We have all our data neatly arranged in dataframes. We would next like to start building a corpus for the data to be usable for sentiment and text analysis
Creating a Corpus
A corpus is basically a huge dictionary of words. In this case, these are words pertaining to reviews and hotels. The main difference between the final corpus we are aiming for and the words we start with is the idea of streamlining. we want to get rid of words that would not add value to our analysis. words used in daily speak like a, you, the, etc. are good for clarity but do not add value to the analysis we are looking for. Similarly, plurals, action items, tenses might muddle our analysis.
## Creating Corpus
hotel_1_corpus <- Corpus(VectorSource(reviews_text_1$`html_text(reviews_1, trim = TRUE)`))
## Cleanup
hotel_1_clean <-tm_map(hotel_1_corpus, removePunctuation)
## Warning in tm_map.SimpleCorpus(hotel_1_corpus, removePunctuation):
## transformation drops documents
hotel_1_clean <-tm_map(hotel_1_clean, content_transformer(tolower))
## Warning in tm_map.SimpleCorpus(hotel_1_clean, content_transformer(tolower)):
## transformation drops documents
hotel_1_clean <-tm_map(hotel_1_clean, removeWords, stopwords("english"))
## Warning in tm_map.SimpleCorpus(hotel_1_clean, removeWords,
## stopwords("english")): transformation drops documents
hotel_1_clean <-tm_map(hotel_1_clean, removeNumbers)
## Warning in tm_map.SimpleCorpus(hotel_1_clean, removeNumbers): transformation
## drops documents
hotel_1_clean <-tm_map(hotel_1_clean, stripWhitespace)
## Warning in tm_map.SimpleCorpus(hotel_1_clean, stripWhitespace): transformation
## drops documents
hotel_1_clean <- tm_map(hotel_1_clean, removeWords, c(stopwords("english"),
"hotel", "one", "two", "airport", "terminal", "toronto", "really", "just", "flight")
)
## Warning in tm_map.SimpleCorpus(hotel_1_clean, removeWords,
## c(stopwords("english"), : transformation drops documents
## Lementize corpus
hotel_1_word_cloud <- lemmatize_words(hotel_1_clean)

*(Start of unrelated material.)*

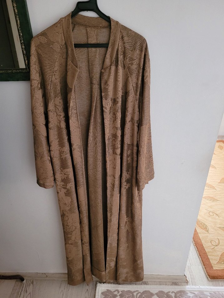 Bej renkli, uzun kollu, bol kesim kadın sabahlık. Yumuşak dokulu kumaştan, bohem tarzında ve uzun boyda rahat bir model.

saveRDS(hotel_1_word_cloud, "wordcloud_1.RDS")
############# Similiary, creating and saving from other hotels
hotel_2_corpus <- Corpus(VectorSource(reviews_text_2$`html_text(reviews_2, trim = TRUE)`))

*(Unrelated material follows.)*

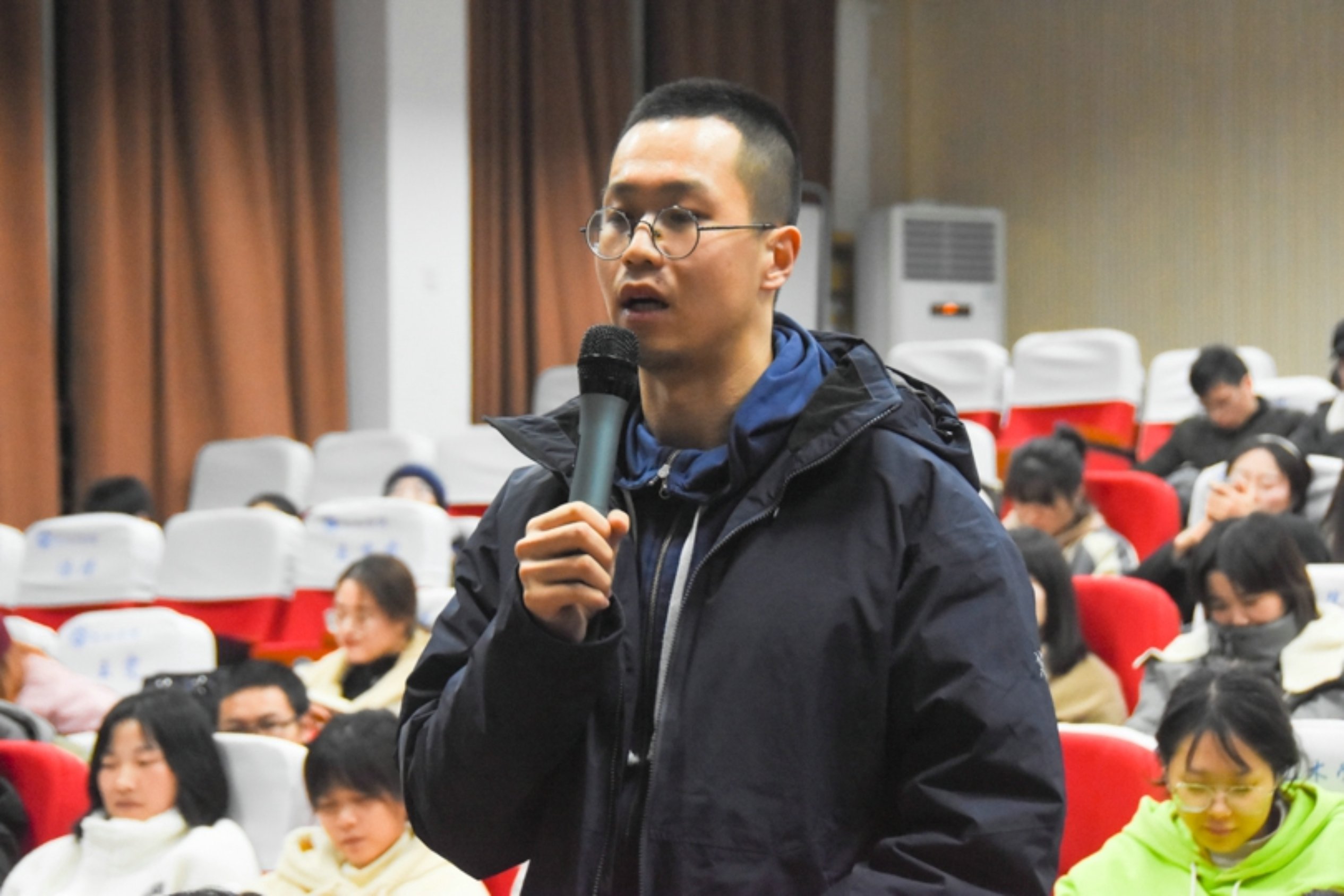 在互动环节,徐鼎一针对观众提出的有关儒、释、道思想与绘画创作结合的问题,给出了耐心且细致的解答。他引经据典,侃侃而谈,既引用先贤观点,又列举亲身经历的趣事,用通俗易懂的语言和风趣幽默的表达贴近时代、贴近生活,深深地吸引了在场学生,会议室内掌声连连。

hotel_2_clean <-tm_map(hotel_2_corpus, removePunctuation)
## Warning in tm_map.SimpleCorpus(hotel_2_corpus, removePunctuation):
## transformation drops documents
hotel_2_clean <-tm_map(hotel_2_clean, content_transformer(tolower))
## Warning in tm_map.SimpleCorpus(hotel_2_clean, content_transformer(tolower)):
## transformation drops documents
hotel_2_clean <-tm_map(hotel_2_clean, removeWords, stopwords("english"))
## Warning in tm_map.SimpleCorpus(hotel_2_clean, removeWords,
## stopwords("english")): transformation drops documents
hotel_2_clean <-tm_map(hotel_2_clean, removeNumbers)
## Warning in tm_map.SimpleCorpus(hotel_2_clean, removeNumbers): transformation
## drops documents
hotel_2_clean <-tm_map(hotel_2_clean, stripWhitespace)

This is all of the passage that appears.